Please take the records that follow and repeat exactly the lines starting with the line with "Peluche singe assis" and going on through the line with "The DPRK’s side experienced".
*** SOURCE DATA Section Begins ***
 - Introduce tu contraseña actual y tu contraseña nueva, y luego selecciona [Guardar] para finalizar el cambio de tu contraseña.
*** SOURCE DATA Section Ends ***
*** SOURCE DATA Section Begins ***
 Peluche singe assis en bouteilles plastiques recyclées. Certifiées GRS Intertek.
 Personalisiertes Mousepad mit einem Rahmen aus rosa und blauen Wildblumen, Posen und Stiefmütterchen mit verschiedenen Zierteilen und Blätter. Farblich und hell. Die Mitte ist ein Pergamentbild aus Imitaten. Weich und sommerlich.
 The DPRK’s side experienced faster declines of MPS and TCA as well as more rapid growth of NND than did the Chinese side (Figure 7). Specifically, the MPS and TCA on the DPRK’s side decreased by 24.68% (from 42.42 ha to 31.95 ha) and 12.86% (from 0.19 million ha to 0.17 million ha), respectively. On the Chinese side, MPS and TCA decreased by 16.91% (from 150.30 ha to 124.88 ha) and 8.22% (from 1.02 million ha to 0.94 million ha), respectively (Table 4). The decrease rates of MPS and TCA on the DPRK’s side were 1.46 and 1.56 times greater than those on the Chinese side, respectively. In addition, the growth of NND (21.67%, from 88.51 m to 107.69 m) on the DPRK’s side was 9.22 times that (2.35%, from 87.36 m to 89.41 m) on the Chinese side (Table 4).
*** SOURCE DATA Section Ends ***
» EXERCISE OUTPUT
 Peluche singe assis en bouteilles plastiques recyclées. Certifiées GRS Intertek.
 Personalisiertes Mousepad mit einem Rahmen aus rosa und blauen Wildblumen, Posen und Stiefmütterchen mit verschiedenen Zierteilen und Blätter. Farblich und hell. Die Mitte ist ein Pergamentbild aus Imitaten. Weich und sommerlich.
 The DPRK’s side experienced faster declines of MPS and TCA as well as more rapid growth of NND than did the Chinese side (Figure 7). Specifically, the MPS and TCA on the DPRK’s side decreased by 24.68% (from 42.42 ha to 31.95 ha) and 12.86% (from 0.19 million ha to 0.17 million ha), respectively. On the Chinese side, MPS and TCA decreased by 16.91% (from 150.30 ha to 124.88 ha) and 8.22% (from 1.02 million ha to 0.94 million ha), respectively (Table 4). The decrease rates of MPS and TCA on the DPRK’s side were 1.46 and 1.56 times greater than those on the Chinese side, respectively. In addition, the growth of NND (21.67%, from 88.51 m to 107.69 m) on the DPRK’s side was 9.22 times that (2.35%, from 87.36 m to 89.41 m) on the Chinese side (Table 4).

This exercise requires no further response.